CHAPTER XXI

Rod followed his father along a strip of thick carpet laid over a floor tiled in precise geometric patterns, looking about him at the dukes and duchesses of the counting room administering their high estate of correspondence and ledgers. Delicately fingered typewriters and computing machines woke faint, staccato tappings in that lofty room. He passed a row of ground-glass partitioned cubicles, each gilt-lettered with the name of some petty satrap of higher degree than those without such privacy. There was a decorous stir, an air of activity, persons moving about from desk to desk, discreet consultation. If, as an institution, it was moribund, coma had not set in. Or perhaps the stir and bustle was but the accentuated flutter of a financial heart struggling to force impoverished blood through a body approaching dissolution. He smiled at the fancy.

The directors' room, specially fitted up for deliberate and august discussion, opened off a mezzanine floor overlooking the main body of the offices. Norquay senior led the way. They left their hats and coats in a cloak room. Without ceremony, Mr. Norquay pushed open a door and entered.

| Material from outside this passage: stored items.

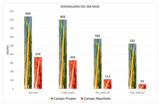 Si hacemos la misma simulación para un maíz con potencial de rendimiento de 100 qq/ha, considerando que son las gramíneas resistentes las que mayores problemas causan a este cultivo, tenemos los siguientes márgenes, en campo propio y alquilado, considerando también el costo de alquiler de 16 qq/ha de soja, y un recorte de rendimiento del 20% y del precio del 20%.
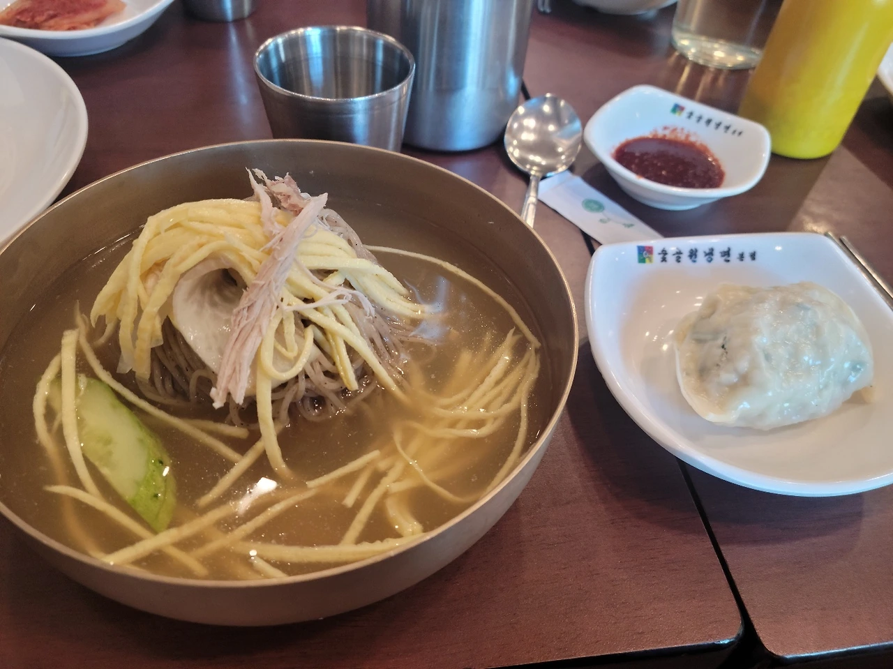 그러나 둘째는 반대로, 살짝 실망의 쓴웃음이었다. 음, 그래. 그렇다면. 개인적으로는 그냥 숯골원 냉면이 더 맛있는데? 숯골원 냉면의 넉넉하게 올라간 계란 지단이 완숙 반 알보다는 더 성의 있어 보였다. 평양냉면을 원래 꿩고기로 만드는지 돼지나 소고기로 만드는지는 내가 잘 모른다만, 숯골원 냉면이 이곳의 냉면보다 육향도 조금 더 직관적으로 더 많이 나면서도 특이해서 상대적으로 더 '별미'처럼 느껴졌다. 좀 다른 이슈긴 한데, 식기 때문일까 스뎅 냄새라고 해야 하나? 음식점 컵에서 가끔 나는 안 좋은 쇠비린내도 어렴풋이 느껴져서 좀 아쉬웠다. 또 간간히 씹히는 청양고추가 육수에 대한 몰입을 방해했다. 다음에 오면 빼달라고 해야지. 다음이 있다면.
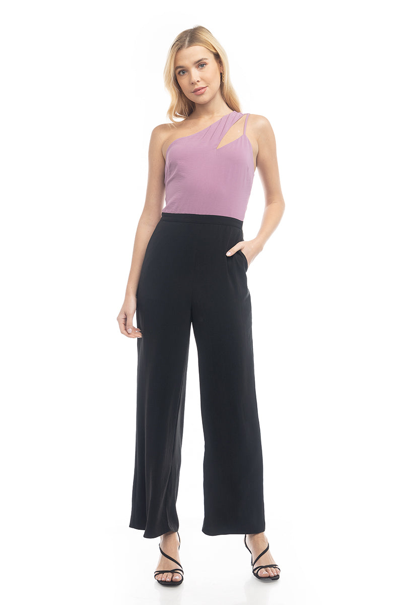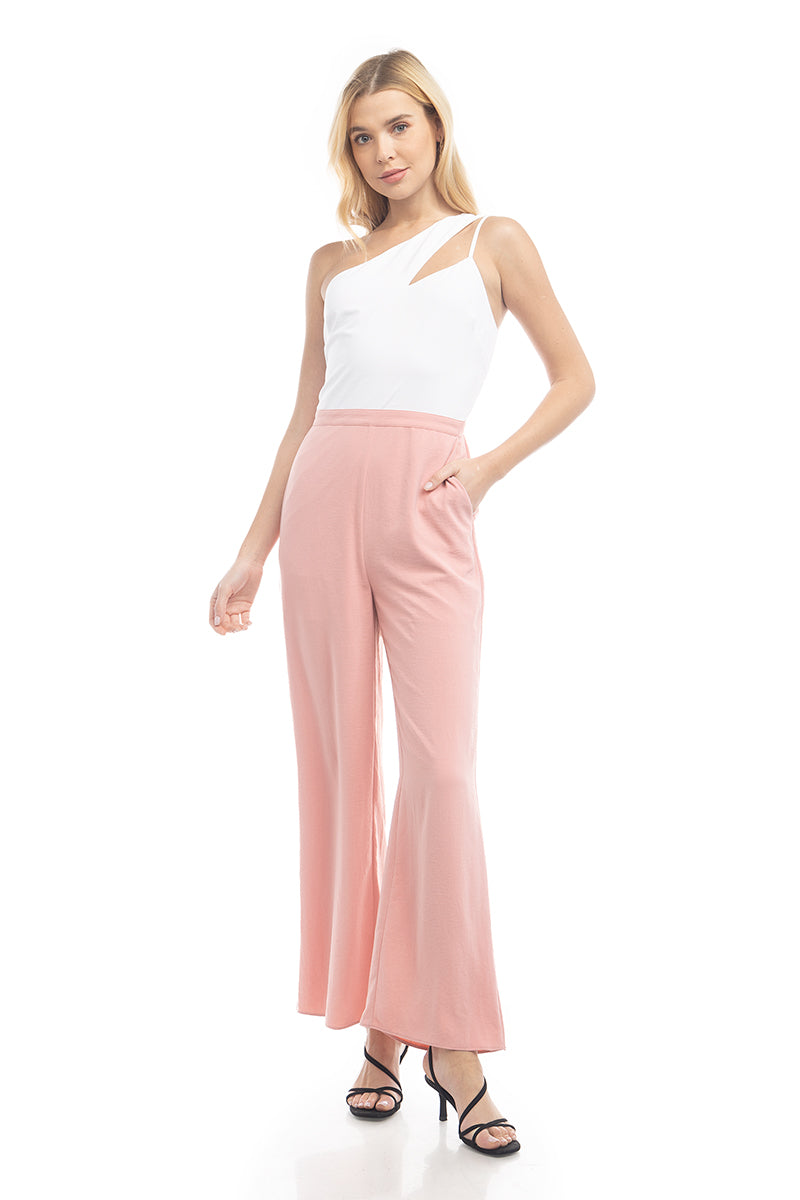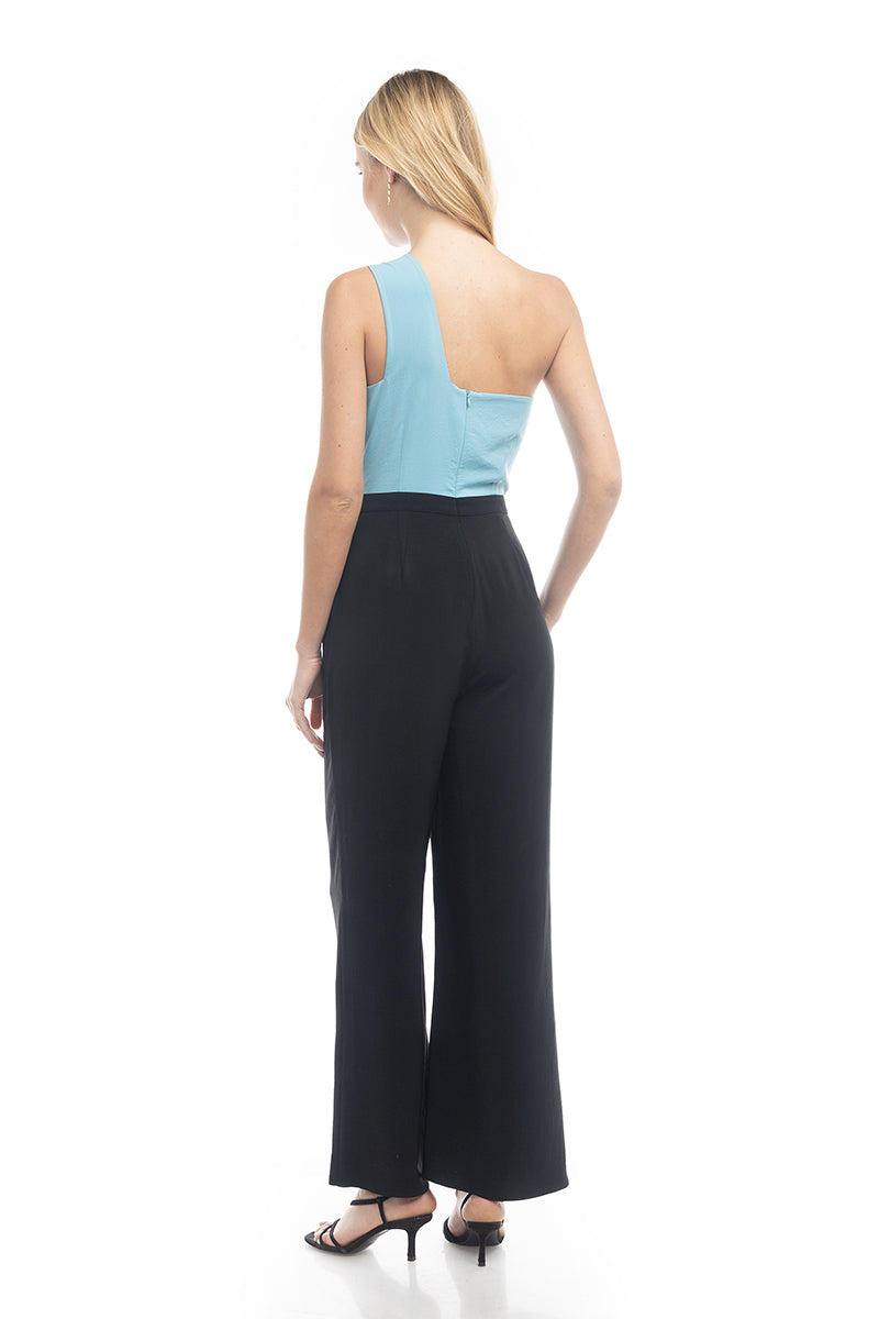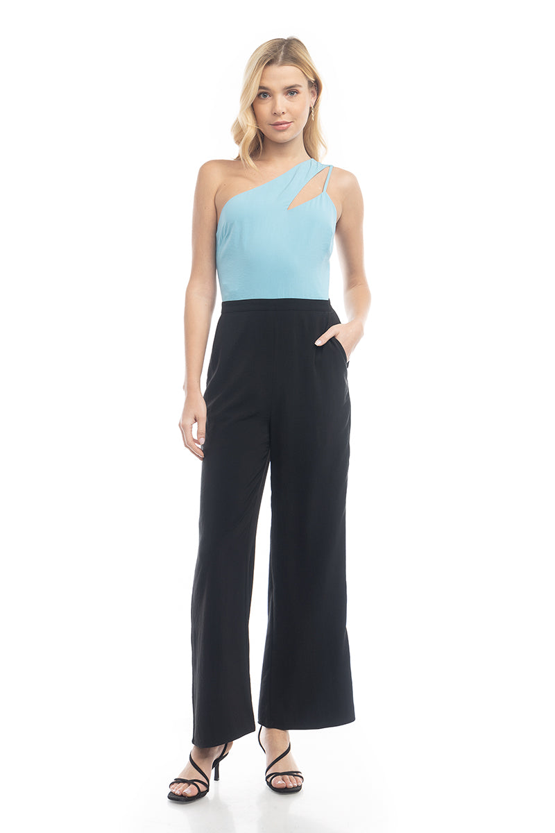 Asymmetric Neck Two-Tone Jumpsuit
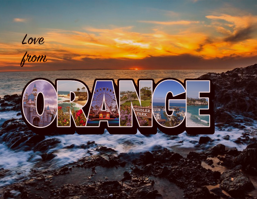 A beautiful beach-themed postcard of the wonderful landmarks of Orange County, California.
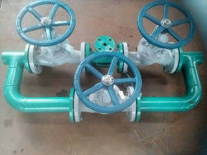 一、 系统简介及工作原理 1. 胶球清洗装置系统简介 胶球清洗装置主要由收球网、二次滤网、装球室、胶球泵、电气控制柜等部件组成。对于大机组采用单元制系统即凝汽器每一侧使用收球网、装球室、胶球泵各一台;对于小机组通常采用共用制系统,胶球清洗时先把比冷却管内径大1-2mm的海绵胶球放入装球室,在胶球泵的作用下胶球被送入循环水进水管,随着循环水的流动,胶球被挤入凝汽器铜管中进行擦洗,胶球通过凝汽器铜管后与循环水一起进入收球网,随后被胶球泵抽出,再进入装球室。如此循环,胶球不断擦洗凝汽器冷却管内壁,使之保持清洁。 使用这种装置可在机组不减负荷的情况下清洗凝汽器,提高凝汽器的传热效率,防止汽轮机热效率因背压升高而降低,同时可防止冷却管因结垢而腐蚀,延长冷却管的使用寿命,是节能和改善劳动条件的理想设备。 二、胶球清洗装置各组成部份的性能及结构简介 1. 收球网 胶球清洗装置的关键设备是收球网,其效果决定于收球率,而收球率又决定于收球网的完善度。过去,收球网有SL型与SF型等种类,实践证明这类收球网效率低,胶球损失大,主要表现在:收球率低而不稳、严密性差、卡球等;胶球泵出力不足时,收球率明显下降;收球网水力工况不稳时,收球率也明显下降。 我公司针对现有收球网的上述缺点,根据循环水进出管的直径大小,设计了单板式SD型收球网(适用于公称直径≤DN900的母管中)和“V”型双板式SQ型收球网(可用于公称直径≥DN800的母管中)两大系列。 1.1 单板式收球网(SD型) SD型单板式收球网在保持了原有收球网相对稳定性的基础上,在内部网板及下部出球口处进行了针对性的改进设计,使得网板呈整体式结构,采用隔圈、螺杆压紧式结构,保证各栅条间的距离及整体的强度,不夹球、不变形;出球口加装了一套“压顶装置”防止网板经长期运行产生变形与出球口贴合不牢。 1.2 双板式收球网(SQ型) SQ型收球网是一种新型收球网,具有以下特点:①改变收球网的结构型式,收球时,网片呈“V”型,杂草、杂物及胶球集中于网片底部,有效地克服了跑球、卡球现象。不收球时,网片呈“A”型状,可以对网片进行反冲洗。②采用强制性回收胶球机构,把胶球及杂物直接送到胶球泵入口处。③去除了关断阀、调节阀等活动部件,使其结构简单,操作方便且体积也比原来的收球网缩小了1/3。④由于采取了强制回收,所以对胶球泵出力要求不高,且不受流速、流量大小的影响,胶球回收率可达95%以上。 该型号的收球网由筒体、栅网板、电动推杆、螺旋输送机构等部件组成,收球时,栅网板呈“V”型,胶球杂物及水垢等沿栅网板表面下滑到收球网底部,并被螺旋机构强制送到胶球引出管,由胶球泵抽吸至装球室进行下一轮清洗。不收球时,利用电动推杆,曲柄机构使栅网板呈“A”型,此时既可以减小水阻,又可以利用水流对栅网板进行反洗,使遗留在栅网板上的杂物被水流冲去,保证收球效率。 2. 二次滤网 二次滤网是冷却水净化装置的主要设备之一,它清除了大于6mm以上的杂物,对保障胶球的畅通无阻和凝汽器的正常工作,起到了关键作用。 我公司生产的二次滤网有:外旋式滤网(WE型)、切换式滤网(FE型)、电动射流反冲式滤网(DYL型)、全密封电力传动反冲式滤网(DII型)可供选择。详见专项说明书。 3. 装球室 装球室是胶球清洗装置中用于放球、取球、存储和观察胶球循环情况的装置。它由外壳、漏斗、切换阀等组成,并配有观测窗、放气、放水阀门等。 4. 胶球泵 胶球泵是胶球清洗系统中使胶球进行不断循环的动力设备。该泵是一个专用的无障碍离心泵,其叶轮由两叶片构成的管状通道,具有不堵塞、不切球和胶球磨损小等优点。 5. 分汇器 分汇器是一个三通(管)阀。通过其中导向板的切换可使胶球进入需要清洗的一侧凝汽器中。它也可作为收球网胶球引出管的汇合和胶球管的分流三通管使用。 供应定压补水装置|全自动软水器|ECH全自动加*装置|容积式/半容积式热交换器, 浮动盘管热交换器|板式热交换器|定压补水真空脱气机组|旁流水处理器|全程综合水处理器|动态离子群水处理机组|稳压膨胀器|凝结水回收器|疏水自动加压器|水箱水处理机|除铁除锰过滤器|智能换热机组|紫外杀菌器|自动反洗高速砂滤装置

They were a few minutes early, but they were not first. Grove sat at one end of a huge oval table, a massive creation of mahogany surrounded by a dozen equally massive chairs. He was flanked by his father-in-law and Arthur Deane.

The capacity for imagining a man in relation to his circumstances and surroundings was one which neither war, wounds, nor the passage of time had atrophied in Rod. This had given him a mental picture of his brother as a haggard man facing ruin with some degree of trepidation. He saw at once that this was a misconception. He perceived the well-remembered features. A cigar outthrust from one corner of Grove's mouth. There were faint, pouchy discolorations under his eyes. He was older, and he showed his age. Otherwise he had changed less than Rod expected. He had simply become a thicker-bodied edition of his earlier self. Rod marked the familiar malicious flicker in his eyes upon recognition, and wondered with an inner sardonic amusement how Grove would take this invasion of his holy of holies by a younger brother whose parting act had been to inflict the severest bodily punishment Grove had ever suffered in his life.

But Grove merely nodded with a casual "how d'do, pater," and a careless "Hello, Rod," and motioned them to chairs. Thereafter he sat quiescent. Only the too-frequent puffing at his cigar, an occasional aimless movement of the hand resting on the table, heralded a strain. Beside him John Wall sat with hands clasped over his rotund paunch, impassive as a Chinaman. Deane pencilled interminable figures on a pad.

At intervals other men came in. A hushed atmosphere seemed the most outstanding quality of the high-ceilinged, beautifully paneled room. Voices sank to discreet murmurings there.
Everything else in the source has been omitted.